**Required work**
A word-for-word reproduction of the data below is needed, with no pictures in it.

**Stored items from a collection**
-- Opening Marker --

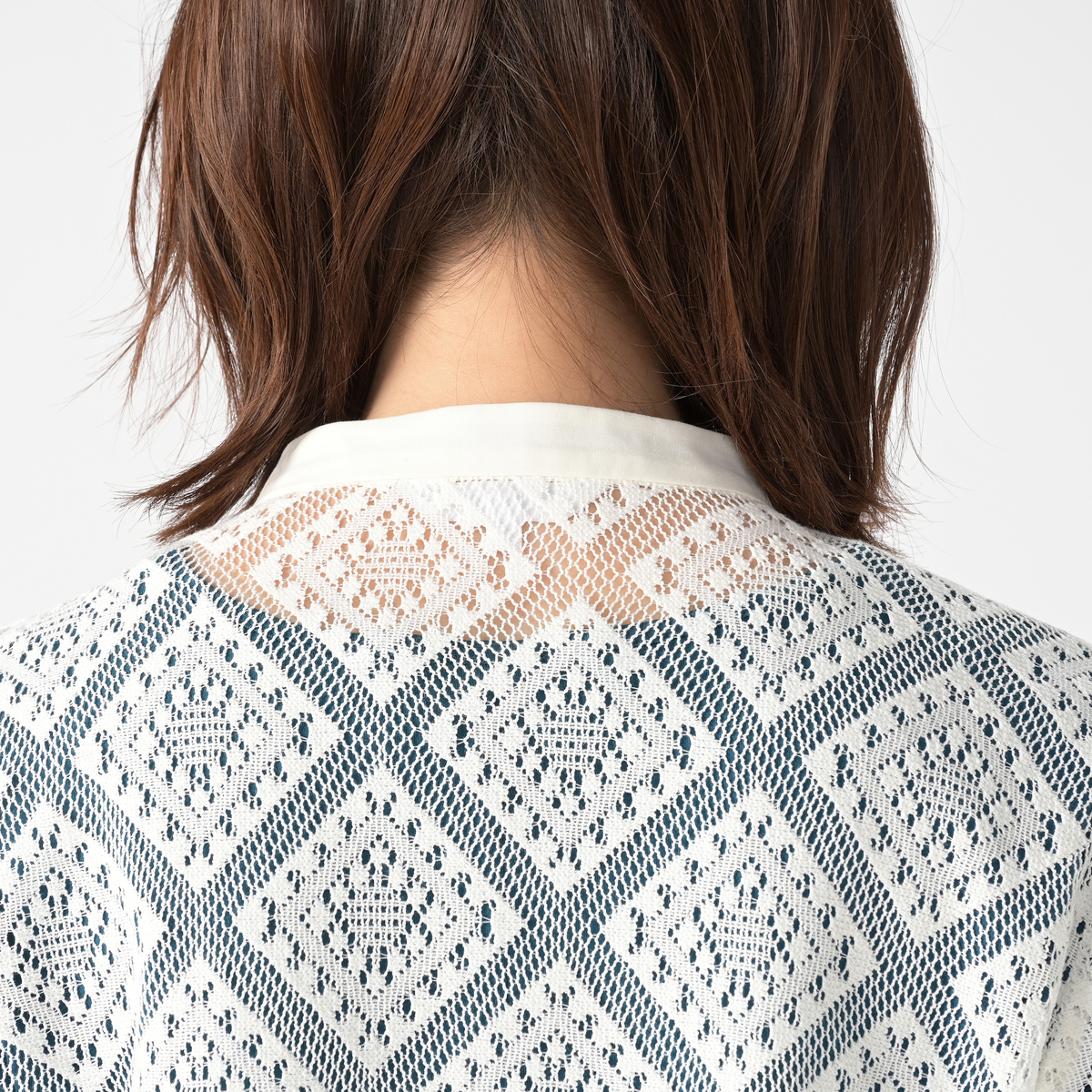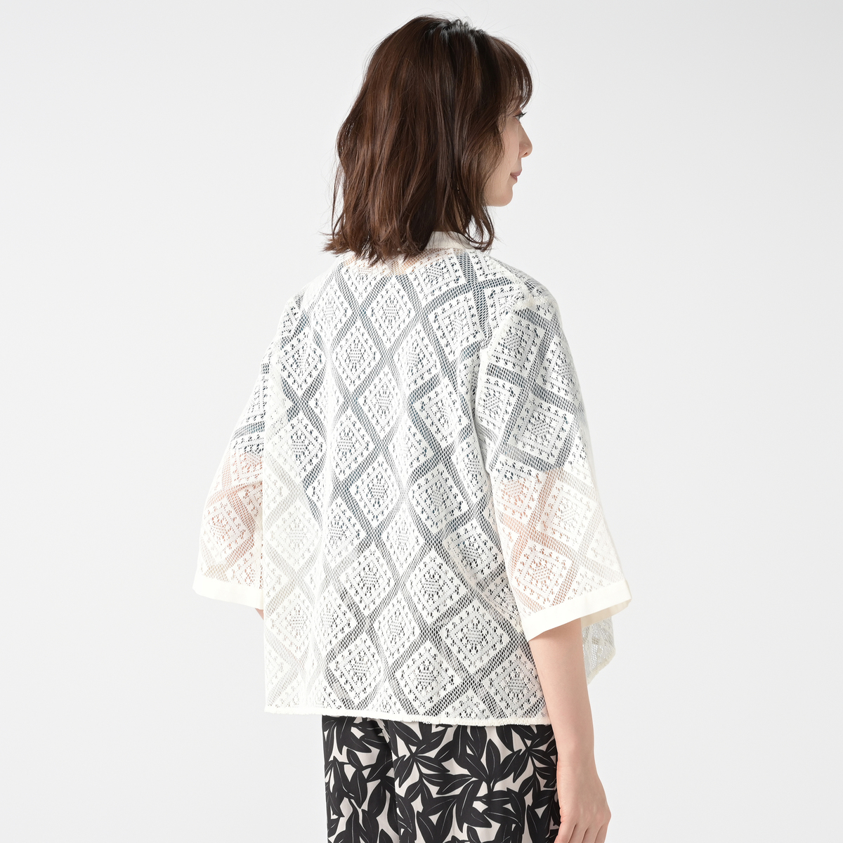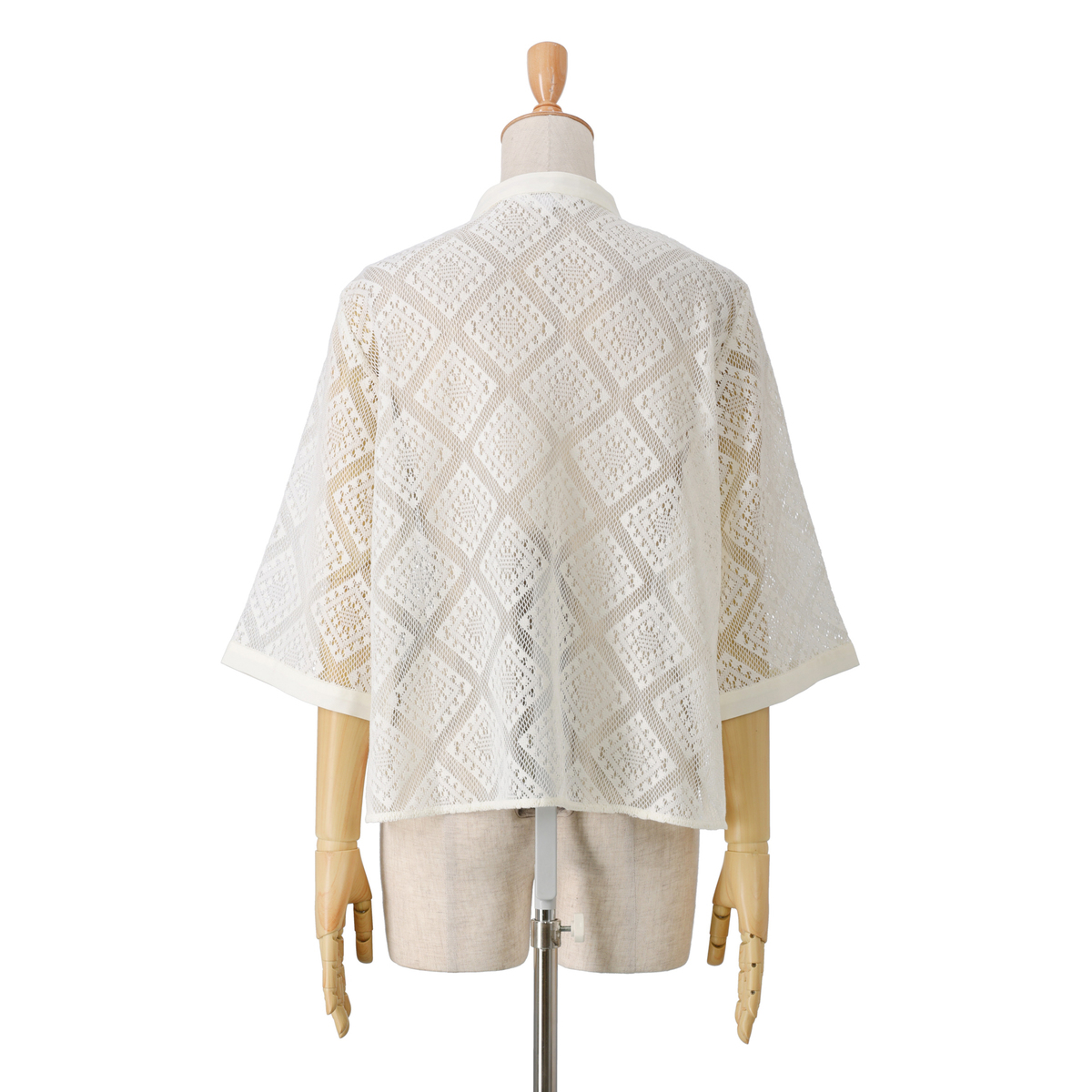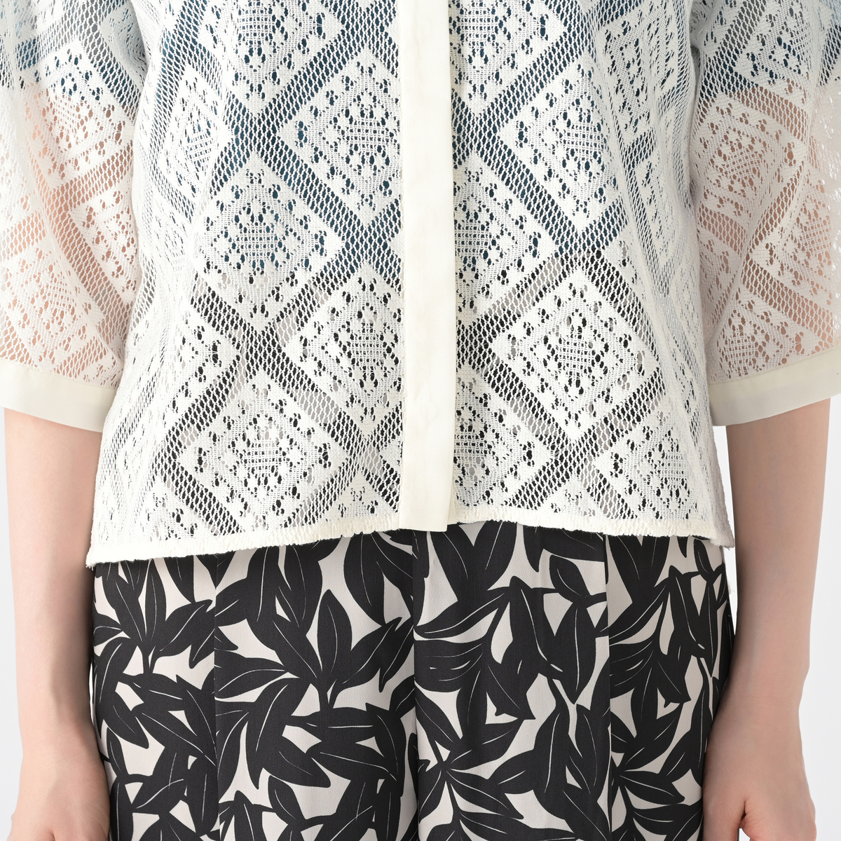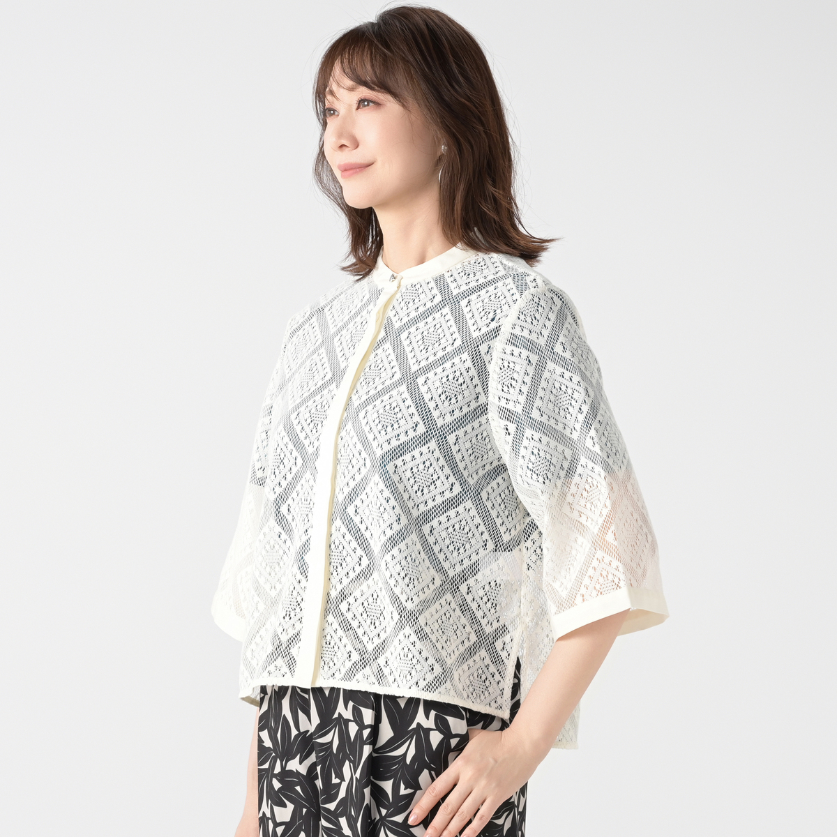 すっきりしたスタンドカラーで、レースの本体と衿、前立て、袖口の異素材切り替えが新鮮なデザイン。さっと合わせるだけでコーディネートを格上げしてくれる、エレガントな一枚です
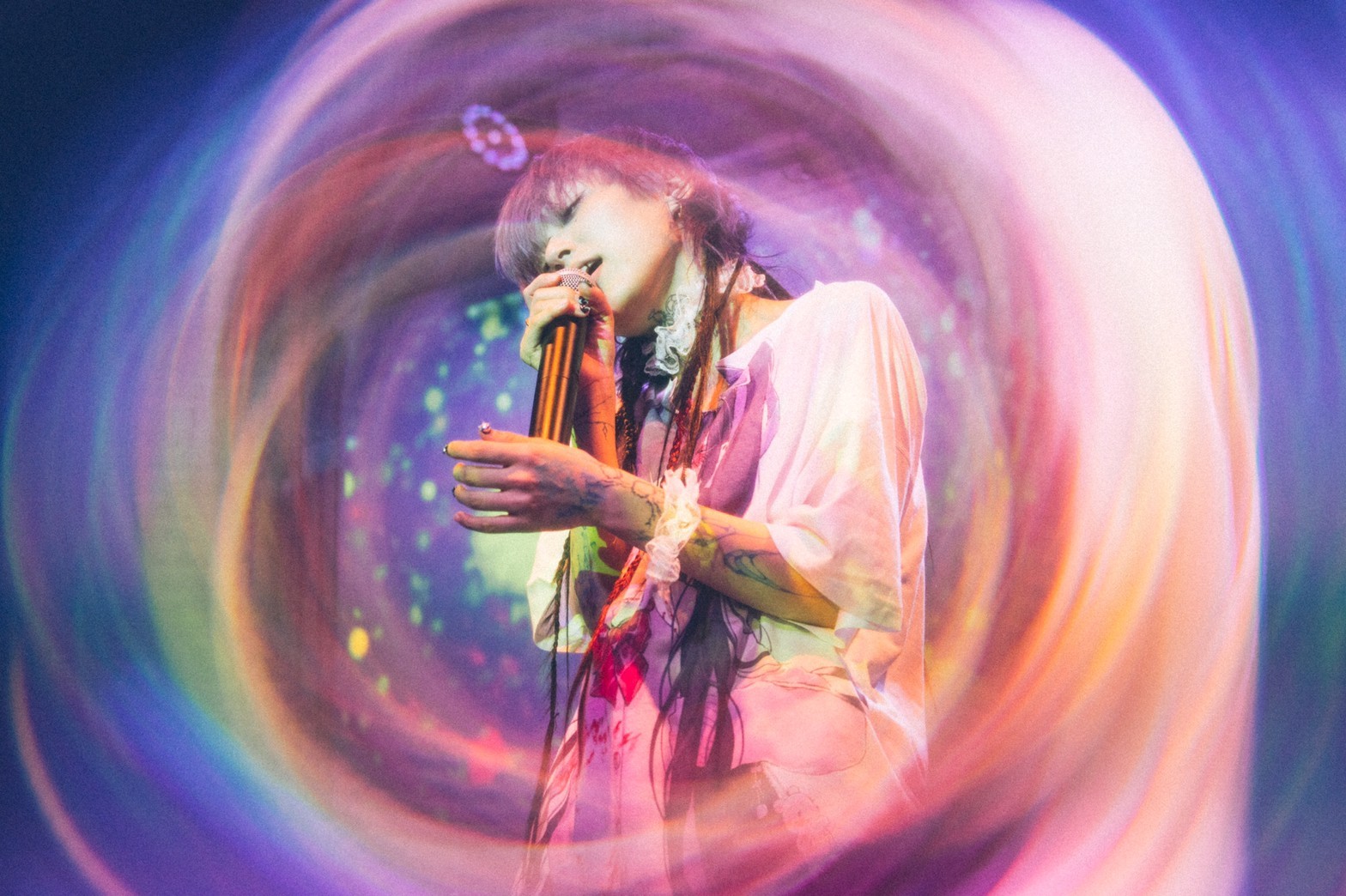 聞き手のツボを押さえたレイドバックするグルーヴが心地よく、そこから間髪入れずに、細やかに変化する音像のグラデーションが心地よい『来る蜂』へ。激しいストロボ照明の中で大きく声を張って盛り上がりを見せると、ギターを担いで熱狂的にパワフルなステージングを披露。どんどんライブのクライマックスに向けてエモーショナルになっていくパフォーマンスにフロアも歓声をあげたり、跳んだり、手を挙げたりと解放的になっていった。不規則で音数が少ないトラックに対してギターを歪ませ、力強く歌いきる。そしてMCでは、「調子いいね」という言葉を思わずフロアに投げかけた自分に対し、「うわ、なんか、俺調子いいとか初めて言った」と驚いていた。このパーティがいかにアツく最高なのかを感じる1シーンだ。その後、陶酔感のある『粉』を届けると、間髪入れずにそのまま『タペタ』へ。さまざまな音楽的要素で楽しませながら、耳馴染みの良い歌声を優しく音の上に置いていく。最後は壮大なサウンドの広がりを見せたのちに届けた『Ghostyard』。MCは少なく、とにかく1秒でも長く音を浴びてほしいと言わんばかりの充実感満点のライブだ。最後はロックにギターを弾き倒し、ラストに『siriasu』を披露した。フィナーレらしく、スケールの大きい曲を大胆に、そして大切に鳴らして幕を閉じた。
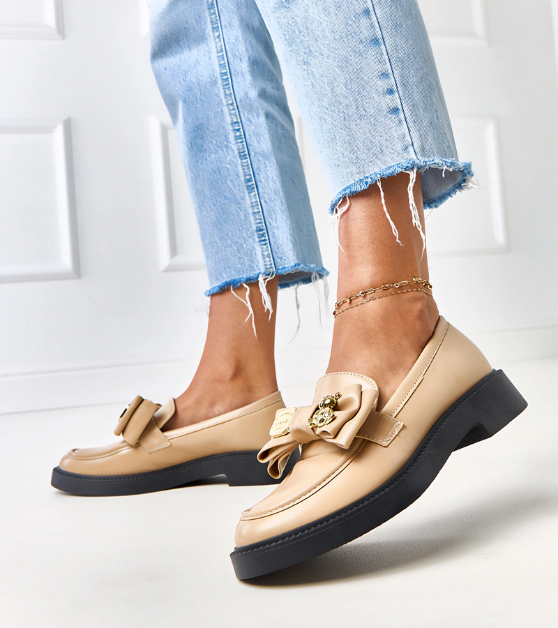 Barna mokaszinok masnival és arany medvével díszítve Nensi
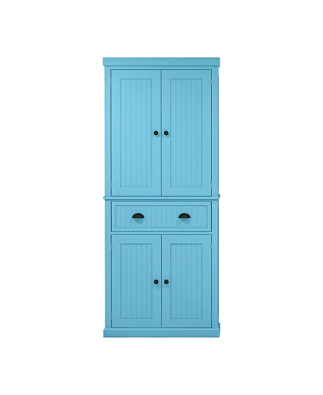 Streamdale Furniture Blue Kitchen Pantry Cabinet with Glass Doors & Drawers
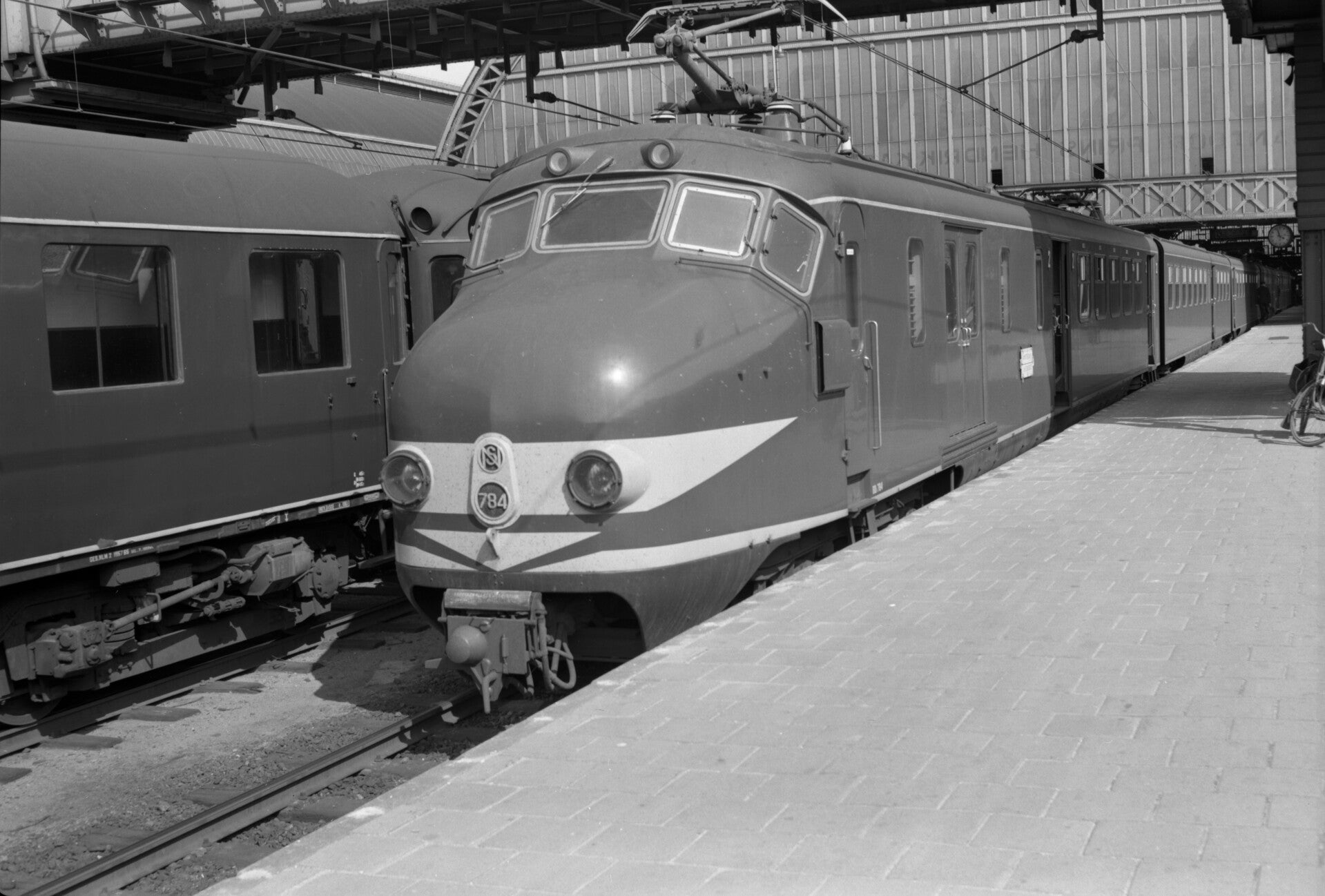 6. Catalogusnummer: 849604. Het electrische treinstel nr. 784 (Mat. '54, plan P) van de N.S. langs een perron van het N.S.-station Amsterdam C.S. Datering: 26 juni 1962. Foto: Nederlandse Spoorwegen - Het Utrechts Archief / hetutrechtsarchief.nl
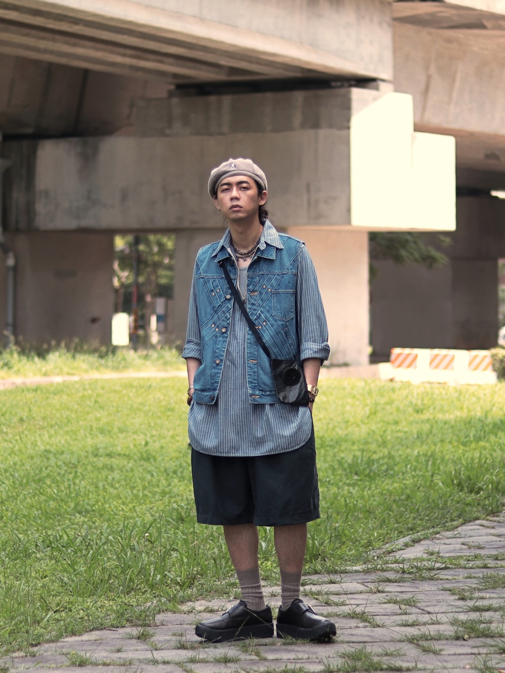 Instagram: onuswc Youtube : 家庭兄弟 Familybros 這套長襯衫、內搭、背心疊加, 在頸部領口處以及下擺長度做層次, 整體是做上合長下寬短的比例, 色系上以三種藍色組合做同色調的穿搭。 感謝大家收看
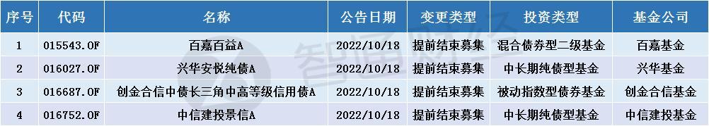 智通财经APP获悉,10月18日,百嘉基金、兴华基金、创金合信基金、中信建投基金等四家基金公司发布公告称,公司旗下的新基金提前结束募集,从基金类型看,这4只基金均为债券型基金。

-- Closing Marker --

**Answer to this exercise**
 すっきりしたスタンドカラーで、レースの本体と衿、前立て、袖口の異素材切り替えが新鮮なデザイン。さっと合わせるだけでコーディネートを格上げしてくれる、エレガントな一枚です
 聞き手のツボを押さえたレイドバックするグルーヴが心地よく、そこから間髪入れずに、細やかに変化する音像のグラデーションが心地よい『来る蜂』へ。激しいストロボ照明の中で大きく声を張って盛り上がりを見せると、ギターを担いで熱狂的にパワフルなステージングを披露。どんどんライブのクライマックスに向けてエモーショナルになっていくパフォーマンスにフロアも歓声をあげたり、跳んだり、手を挙げたりと解放的になっていった。不規則で音数が少ないトラックに対してギターを歪ませ、力強く歌いきる。そしてMCでは、「調子いいね」という言葉を思わずフロアに投げかけた自分に対し、「うわ、なんか、俺調子いいとか初めて言った」と驚いていた。このパーティがいかにアツく最高なのかを感じる1シーンだ。その後、陶酔感のある『粉』を届けると、間髪入れずにそのまま『タペタ』へ。さまざまな音楽的要素で楽しませながら、耳馴染みの良い歌声を優しく音の上に置いていく。最後は壮大なサウンドの広がりを見せたのちに届けた『Ghostyard』。MCは少なく、とにかく1秒でも長く音を浴びてほしいと言わんばかりの充実感満点のライブだ。最後はロックにギターを弾き倒し、ラストに『siriasu』を披露した。フィナーレらしく、スケールの大きい曲を大胆に、そして大切に鳴らして幕を閉じた。
 Barna mokaszinok masnival és arany medvével díszítve Nensi
 Streamdale Furniture Blue Kitchen Pantry Cabinet with Glass Doors & Drawers
 6. Catalogusnummer: 849604. Het electrische treinstel nr. 784 (Mat. '54, plan P) van de N.S. langs een perron van het N.S.-station Amsterdam C.S. Datering: 26 juni 1962. Foto: Nederlandse Spoorwegen - Het Utrechts Archief / hetutrechtsarchief.nl
 Instagram: onuswc Youtube : 家庭兄弟 Familybros 這套長襯衫、內搭、背心疊加, 在頸部領口處以及下擺長度做層次, 整體是做上合長下寬短的比例, 色系上以三種藍色組合做同色調的穿搭。 感謝大家收看
 智通财经APP获悉,10月18日,百嘉基金、兴华基金、创金合信基金、中信建投基金等四家基金公司发布公告称,公司旗下的新基金提前结束募集,从基金类型看,这4只基金均为债券型基金。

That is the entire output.